06/30/2026 | Press release | Distributed by Public on 06/30/2026 14:32
Item 1.01 - Entry into a Material Definitive Agreement.
On June 25, 2026, Blue Owl Capital Corporation (the "Company") entered into the Third Amendment to Amended and Restated Senior Secured Revolving Credit Agreement (the "Third Amendment"), which amends that certain Amended and Restated Senior Secured Revolving Credit Agreement, dated as of August 26, 2022 (as amended by the First Amendment to Amended and Restated Senior Secured Revolving Credit Agreement, dated as of November 17, 2023, as amended by the Second Amendment to Amended and Restated Senior Secured Revolving Credit Agreement, dated as of November 22, 2024, and as further amended by the Third Amendment, the "Credit Agreement").
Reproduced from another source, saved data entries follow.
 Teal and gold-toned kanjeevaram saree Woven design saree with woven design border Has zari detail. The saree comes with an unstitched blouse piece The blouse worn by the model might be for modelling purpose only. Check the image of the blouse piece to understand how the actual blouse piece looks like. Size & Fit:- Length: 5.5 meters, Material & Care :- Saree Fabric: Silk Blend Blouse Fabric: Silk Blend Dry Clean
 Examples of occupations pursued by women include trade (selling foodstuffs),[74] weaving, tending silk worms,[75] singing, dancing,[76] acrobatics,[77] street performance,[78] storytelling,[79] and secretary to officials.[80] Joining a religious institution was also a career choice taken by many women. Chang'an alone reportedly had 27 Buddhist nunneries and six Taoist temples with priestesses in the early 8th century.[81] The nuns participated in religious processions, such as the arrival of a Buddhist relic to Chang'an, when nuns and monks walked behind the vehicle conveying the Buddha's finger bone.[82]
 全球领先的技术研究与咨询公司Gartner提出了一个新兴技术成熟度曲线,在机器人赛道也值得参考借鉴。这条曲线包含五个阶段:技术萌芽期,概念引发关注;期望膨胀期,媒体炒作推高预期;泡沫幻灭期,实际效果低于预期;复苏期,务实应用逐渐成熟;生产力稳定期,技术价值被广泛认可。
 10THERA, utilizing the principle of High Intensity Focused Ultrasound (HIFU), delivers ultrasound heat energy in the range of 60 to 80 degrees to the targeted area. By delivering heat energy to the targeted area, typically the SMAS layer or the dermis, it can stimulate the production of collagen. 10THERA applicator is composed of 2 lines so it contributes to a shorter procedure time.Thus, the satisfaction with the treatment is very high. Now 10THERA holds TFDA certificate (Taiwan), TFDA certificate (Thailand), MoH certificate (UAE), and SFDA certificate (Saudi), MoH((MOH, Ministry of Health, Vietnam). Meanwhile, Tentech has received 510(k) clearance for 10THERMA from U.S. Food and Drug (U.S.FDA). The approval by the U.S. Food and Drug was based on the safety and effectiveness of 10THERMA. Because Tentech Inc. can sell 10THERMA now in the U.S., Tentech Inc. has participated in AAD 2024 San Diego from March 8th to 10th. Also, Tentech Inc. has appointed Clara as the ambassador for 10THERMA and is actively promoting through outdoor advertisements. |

The parties to the Third Amendment include the Company, as Borrower, the subsidiary guarantors party thereto solely with respect to Section 5.9 therein, the lenders party thereto and Truist Bank, as Administrative Agent, and, solely with respect to Section 5.11 therein, as Collateral Agent. The Third Amendment, among other things, (i) extends the revolver availability period from November 2028 to June 2030, (ii) extends the scheduled maturity date from November 2029 to June 2031, (iii) increases the accordion provision to permit increases to a total facility amount of up to $6,000,000,000, (iv) resets the minimum shareholders' equity test and (v) reduces the total facility amount from $4,025,000,000 to $4,000,000,000.
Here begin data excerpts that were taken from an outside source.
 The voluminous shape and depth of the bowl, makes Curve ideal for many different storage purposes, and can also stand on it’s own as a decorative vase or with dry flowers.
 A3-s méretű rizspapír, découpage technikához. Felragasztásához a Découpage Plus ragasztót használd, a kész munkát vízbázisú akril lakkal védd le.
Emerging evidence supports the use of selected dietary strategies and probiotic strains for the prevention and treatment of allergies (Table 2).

Item 1.02 - Termination of a Material Definitive Agreement.
On March 20, 2024, OBDC III Financing III LLC ("OBDC III Financing III"), a Delaware limited liability company and subsidiary of the Company, entered into a Credit Agreement (the "Secured Credit Facility"), with OBDC III Financing III, as Borrower, Blue Owl Credit Advisors LLC, as Servicer, the lenders from time to time parties thereto, Bank of America, N.A., as Administrative Agent, State Street Bank and Trust Company, as Collateral Agent and as Collateral Custodian and Bank of America, N.A., as Sole Lead Arranger and Sole Book Manager.
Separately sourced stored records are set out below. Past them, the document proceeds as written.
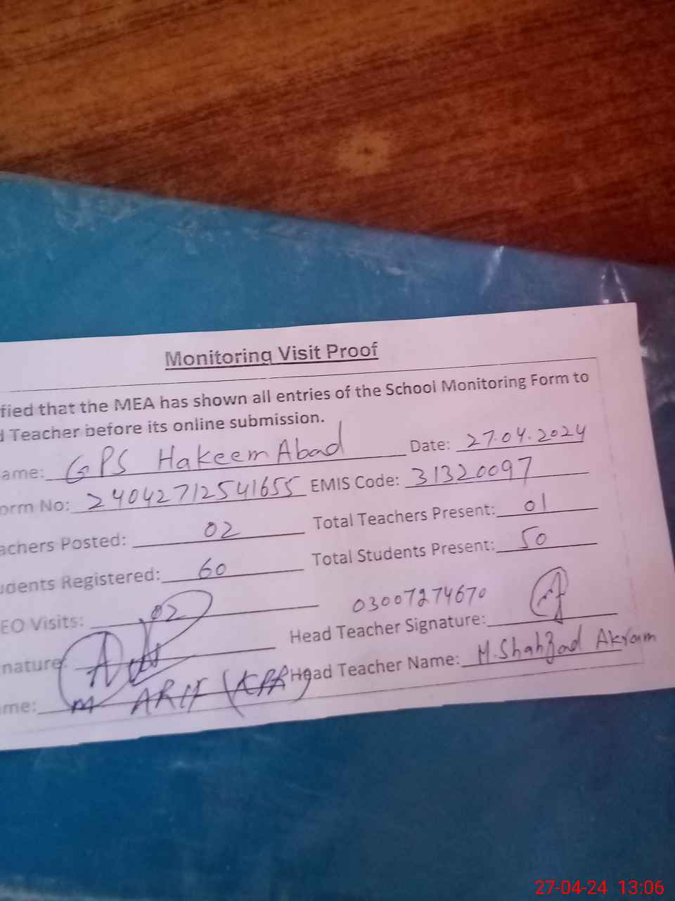 | EMIS Code: 31320097 | Name of School: GPS HAKEEM ABAD | |||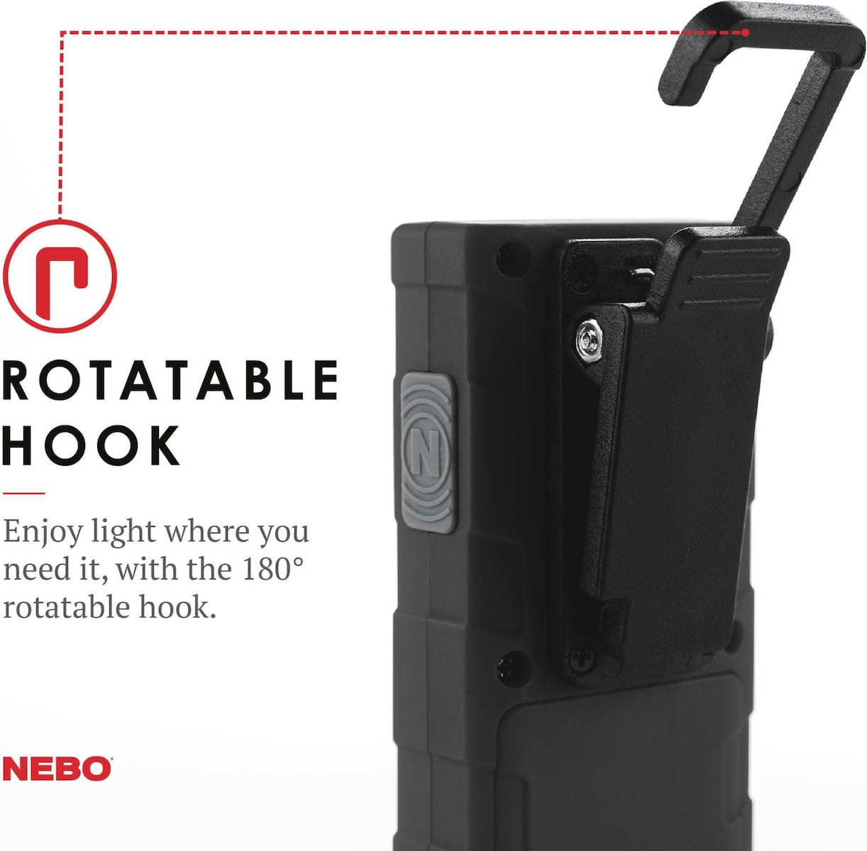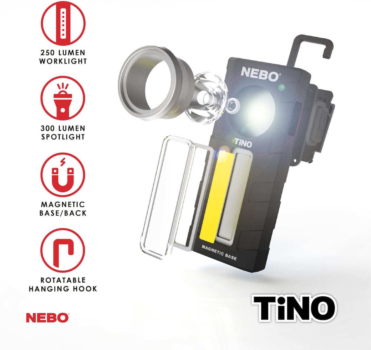 Equipped with full dimming and Power Memory Recall, the TiNo also features a pocket clip, collapsible hanging hook, and powerful magnetic base for convenient hands-free lighting.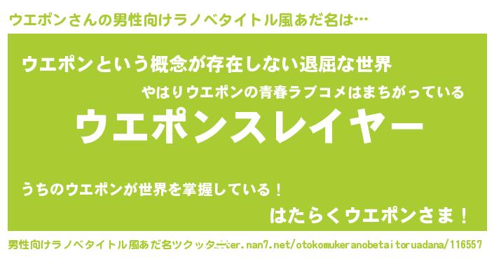 | 伝説のあだ名 | 『聞きしに勝る勇者ウエポン』 |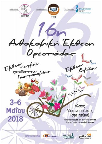Η Δημοτική Κοινωφελής Επιχείρηση Πολιτιστικής Ανάπτυξης Ορεστιάδας σε συνεργασία με την ΕΕΒΟΠ και υπό την αιγίδα του Επιμελητηρίου Έβρου διοργανώνουν για άλλη μία χρονιά από την Πέμπτη 3 έως την Κυριακή 6 Μαΐου 2018 στο Άλσος Αδριανουπόλεως, την 16η Ανθοκομική Έκθεση Ορεστιάδας!

The Secured Credit Facility provided for a revolving credit facility in an aggregate principal amount of up to $300,000,000. On June 25, 2026, the Company and other parties to the Secured Credit Facility entered into a letter agreement (the "Termination Letter") pursuant to which (i) the Secured Credit Facility and all commitments thereunder were terminated in full, (ii) all outstanding obligations under the Secured Credit Facility were repaid in full, (iii) the liens granted under the Secured Credit Facility and related loan documents were released and (iv) the Secured Credit Facility and related loan documents were terminated.
Item 2.03 - Creation of a Direct Financial Obligation.
The information set forth under Item 1.01 above is incorporated by reference into this Item 2.03.